Le doyen des juges remporte la palme. Il traite le plus grand nombre d’affaires, avec 414 dossiers en cours de traitement, lesquels impliquent 91 prisonniers dont le vieux détenu provisoire boucle 8 années derrière les barreaux. Le troisième cabinet d’instruction vient après, avec 394 dossiers en examen, pour 107 détenus placés sous mandat de dépôt depuis 2016, pour la plupart. La troisième marche du podium est occupée par le 6e cabinet dont le juge est submergé par 375 affaires datant de 2013 et mettant en cause 111 détenus. Les autres cabinets se partagent le reste des affaires. Le juge d’instruction du 4e cabinet gère les dossiers mettant sur la sellette des mineurs. C’est ainsi que 18 mineurs sont inculpés pour diverses infractions liées au vol, à la drogue, aux coups et blessures volontaires, entre autres.

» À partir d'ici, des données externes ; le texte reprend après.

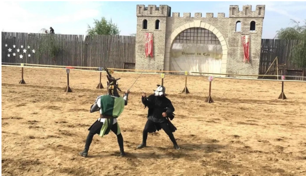
Basme cu cai scor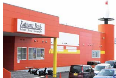
▲ボウリング講座の会場となるカツマボウル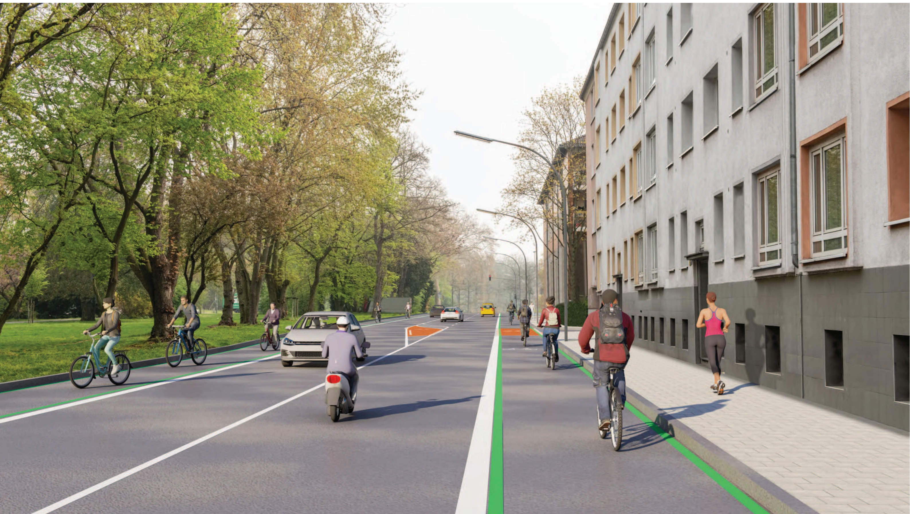
Abschnitt 1 - Bachemer Straße Bereich Universitätsstraße bis Hans-Sachs-Straße, Vorzugsvariante (1. Ausbaustufe)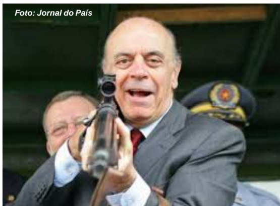
Ao lado, José Serra, que ordenou ação da PM resultante na Batalha dos Bandeirantes, durante greve dos policiais civis em outubro de 2008

Irritado, o político exigiu punição aos envolvidos e alguns policiais civis buscaram identificar os manifestantes, chegando a número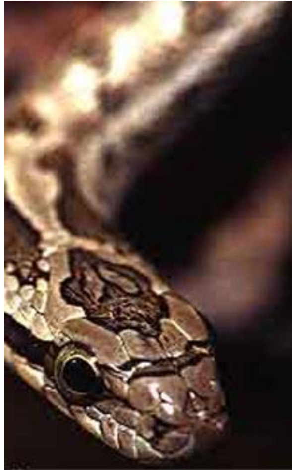
Speco de serpento (latine: Elaphe dione)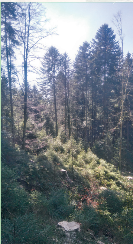
Nach dem Eingriff der Forstgruppe kann der Jungwuchs gedeihen.

Das Holz der Weisstanne ist ideal für einen Hangverbau, da es im Boden sehr langlebig ist. Es gilt dabei zu beachten, dass das Holz komplett mit Erde zugedeckt wird, damit es nicht verfault. Rund 85 m 3 davon wurden für den Holzkasten des Hangverbaus verwendet, ein LKW-Anhängerzug von 25 m 3 – vor allem dickere Stämme – wurden als Sägeholz verkauft.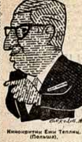
Ренисав Эини Телма (Польша)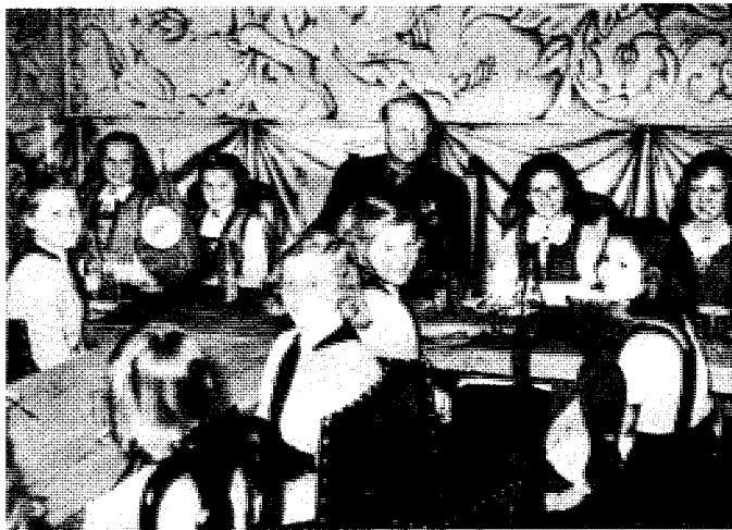
Tabubelagt barndom. Hvor lenge?

Jeg ser i FOLK OG LAND nr. 2 1989 at et NS-barn oppfordrer: «NS-barn i alle leire foren dere!» Da kan det bli taperens etterfølgere akkurat som seierherrenes etterfølgere har drevet på i mange år. Med et norsk «glasnost/perestroika» må det vel også bli plass for tidligere NS? Apropos NS og forhold dermed forbundet: jeg har lenge forundret meg over at dette med NS behøver å være så tabulagt som det må sies å ha vært. F.eks. har jeg aldri hørt ett eneste menneske si: «Jeg var medlem av NS». Selv ikke da vår familie leiet hus hos en NS-familie fra 1941 og helt til 1960. Det var en enke f. 1866, sønn f. 1902, datter f. 1904. De to barna var i Hirden mens moren nøyde seg med å bære solkorset på kåpe-slaget, de hadde vært medlem-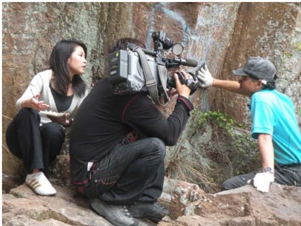
T V B 拍攝中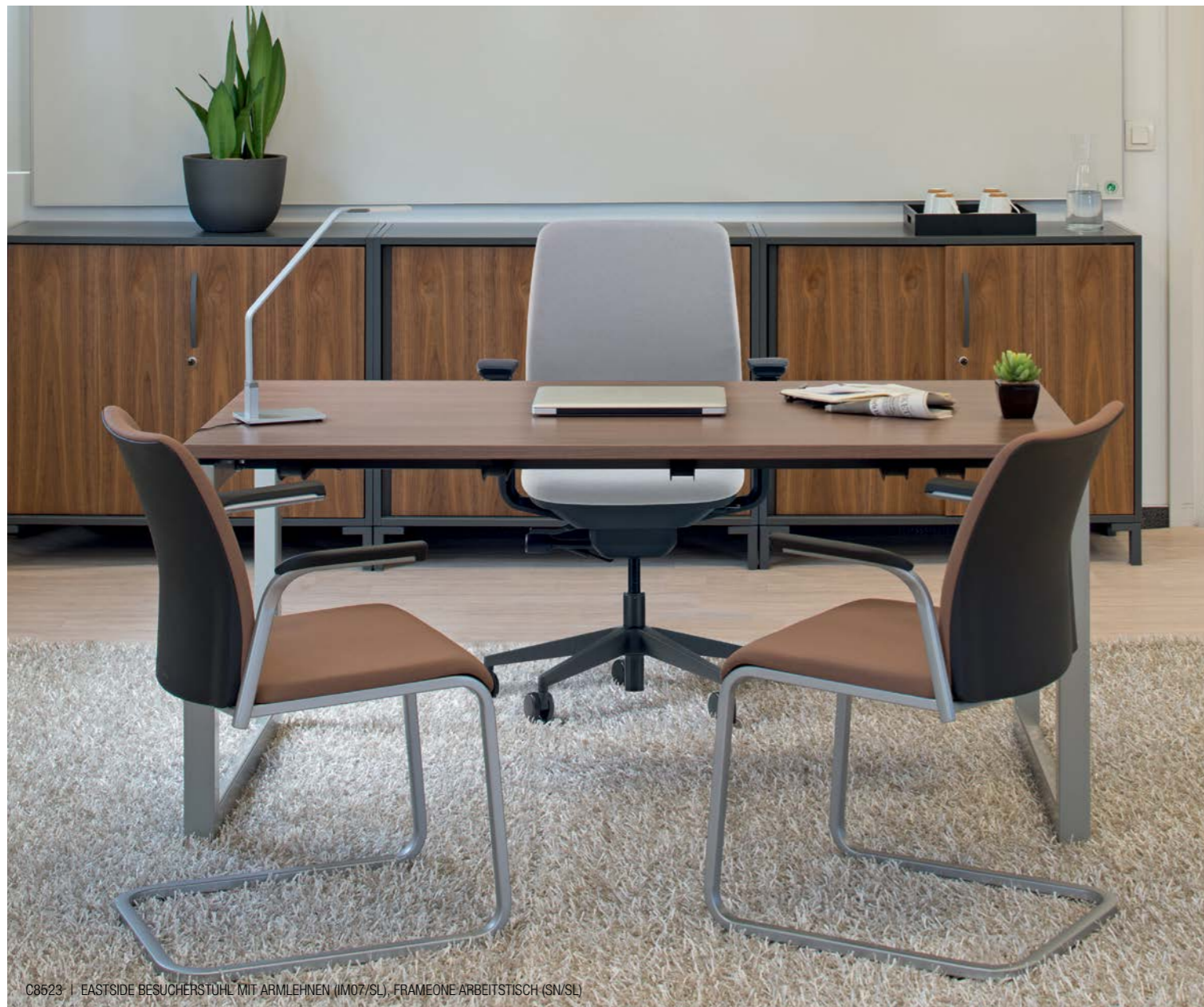
C8523 | EASTSIDE BESUCHERSTUHL MIT ARMLEHNEN (IM07/SL), FRAMEONE ARBEITSTISCH (SN/SL)

Eastside bietet in verschiedensten Arbeitsbereichen höchsten Komfort. Dieser Stuhl ist leistungsstark, vielseitig und dabei von ansprechender Optik. Diese flexible Sitzlösung lässt sich so gut wie überall einsetzen.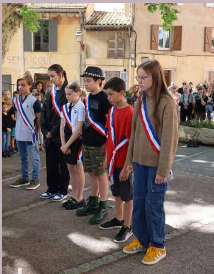
Les Conseillers Municipaux Jeunes (CMJ) devant le monument aux morts

Cette commémoration a marqué l'ouverture de différents événements proposés à l'occasion du 80 e anniversaire du Débarquement de Provence.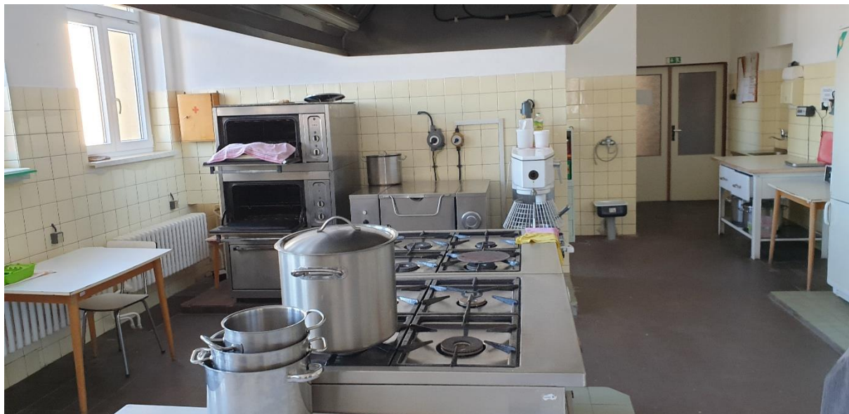
CELKOVÝ POHLED NA VARNÉ CENTRUM

Co se týče varného centra (odtahu/VZT) dojde k jejímu zabezpečení vůči poškození v rámci stavebních prací.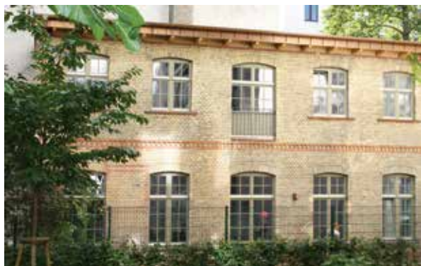
Historische Remise mit Ziegelfassade und Innendämmung

Unser Ziel ist die Definition von Qualitätsmerkmalen auf der Basis anerkannter Standards und der Abbau unbegründeter Ängste vor Innendämmungen. Dies wollen wir durch ein Schulungs- und Zertifizierungssystem, durch aktive Mitarbeit an Regelwerken sowie durch Weiterbildungsmaßnahmen erreichen. Wissenstransfers für Planer, Handwerker und Bauherren sollen bei der Planung und Ausführung von Innendämmungen technologieneutral höchste Qualitätsstandards dauerhaft und zuverlässig gewährleisten.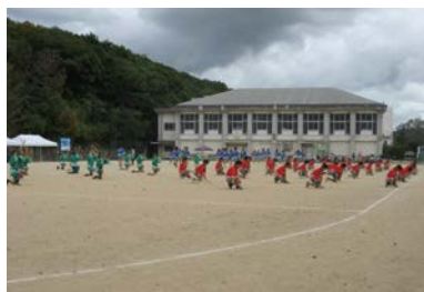
体育会 マスゲーム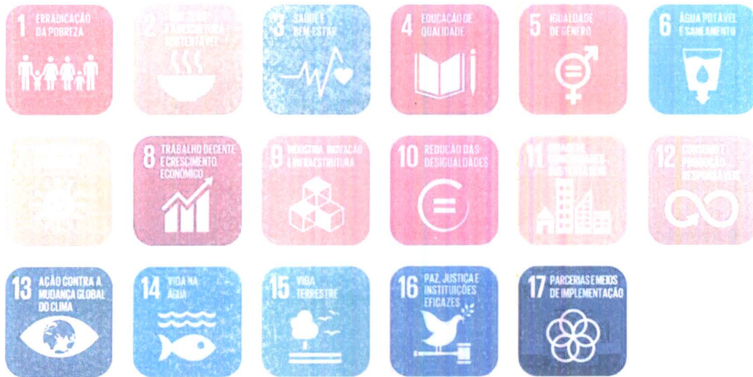
Figura 03. Os 17 Objetivos de Desenvolvimento Sustentável

Em fortalecimento aos compromissos firmados pelo governo federal junto a ONU que fazem parte dos Objetivos de Desenvolvimento Sustentável – ODS, articulados através da agenda 2030, este projeto proíbe a utilização de estratégias para construção de edificações sustentáveis, como forma de garantir sua resiliência e adaptabilidade em meio às mudanças climáticas. Sendo assim, o projeto envolve a utilização de sistemas construtivos e materiais capazes de contribuir para a preservação e conservação do meio ambiente, diminuindo o uso e o esgotamento dos recursos naturais, a produção de resíduos e o consumo de energia.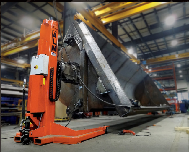
Fixed Headstock & Mobile Tailstock

En ALM Positioners, comenzamos contigo. Nuestros posicionadores líderes en la industria están diseñados con el objetivo de aumentar la productividad, los beneficios, la seguridad y la ergonomía de sus operaciones. Nuestra promesa es ofrecer posicionadores inteligentes basados en soluciones y una experiencia de servicio al cliente insuperable. Y trabajaremos incansablemente para asegurarnos de que esa promesa se cumpla.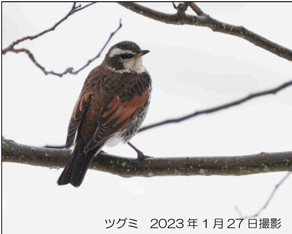
ツグミ 2023年1月27日撮影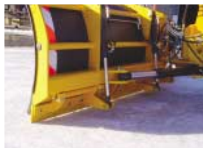
Racleurs escamotables en 4 secteurs indépendants.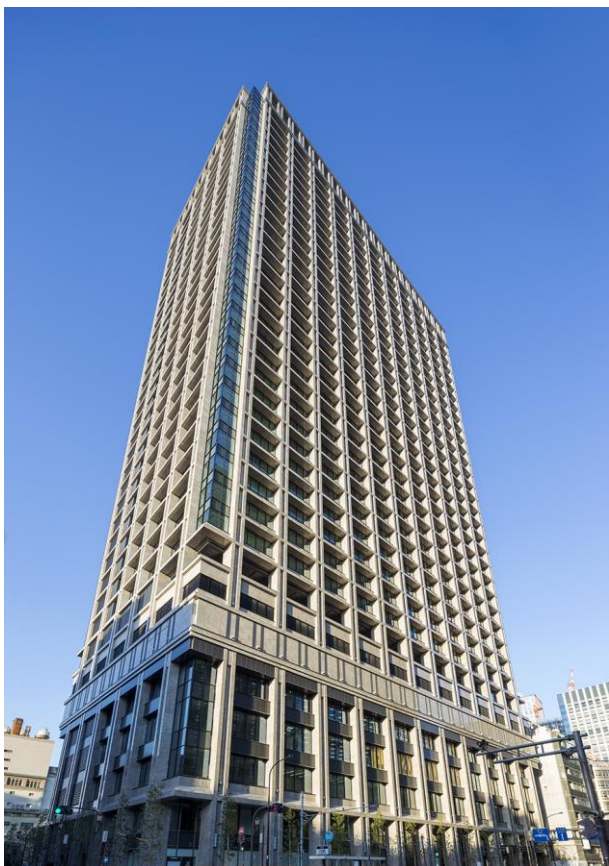
「東京日本橋タワー」外観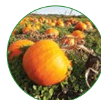
果菜类 35-40 kg/亩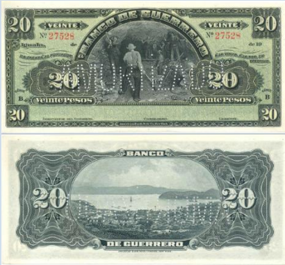
13. M363r – 20 Pesos El Banco de Guerrero, REMINDER. AU+. 184 x 82mm. Impreso por American Bank Note Co. New York. Horadado con leyenda “AMORTIZADO”...$500.00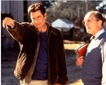
1996 PHÉNOMÈNE (Phenomenon) de Jon Turteltaub avec John Travolta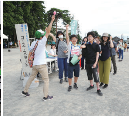
チームでゴールを目指します

申し込み ▼6月20日(木)午後5時(必着)までに希望コース(第2希望まで)、参加者全員の氏名・年齢(小学生～高校生は学校名も)、代表者(成人)の郵便番号・住所(市外在住者は勤務先も)・緊急時に連絡が取れる電話番号、車椅子使用者はその旨を記載し、直接またははがきで〒242-0018 深見西1-2-17 ベテルギウス内こども・青少年課へ。市のホームページから電子申請も可。 ※未就学児が参加するチームは、短い距離を推奨。車での来場不可。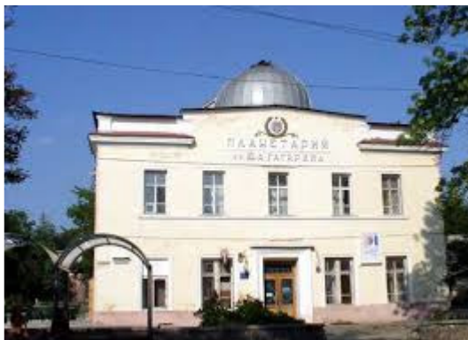
Рис.30. Планетарій,сьогодні вул. Комунарів, 14

До наших днів збереглася лише Велика Синагога, в якій знаходиться планетарій (вул., Комунарів, 14)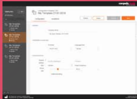
Gerätekonfigurationen werden direkt im Browser erstellt

Mille détenus victimes de longues détentions
Dans son exposé sur la «Problématique des longues détentions au Sénégal», le juge Bâ n’a pas manqué de relever les difficultés pratiques qui assaillent ses collègues, dans l’exercice quotidien de leur métier. Pour lui, la lenteur dans le traitement de certains dossiers est liée au blocage dans certaines enquêtes. Dans le décompte, il ressort que 40 mandats d’arrêt et une demande d’extradition ne sont toujours pas exécutés. «La France a coopéré mais le Sénégal refuse de supporter les charges», constate amer le magistrat Cheikh Bâ, juge d’instruction au Tgi de Dakar. Autre facteur qui bloque les enquêtes, entretient la lenteur et justifie les longues détentions, les experts qui ne sont pas payés par l’Etat. «Le cumul de la dette est si important que ces derniers n’assistent plus les juges dans leur travail. Pour le cas de certains interprètes, certains avocats et juges sont obligés de se cotiser pour payer. Un sourd muet est resté en prison un an sans être entendu, faute d’interprète», dira-t-il.
Et pour boucler la boucle, le ministère de la Justice a récemment fermé deux cabinets d’instruction sans intérim, avant que la réouverture n’ait été faite tardivement après que les dégâts ont été constatés de part et d’autre.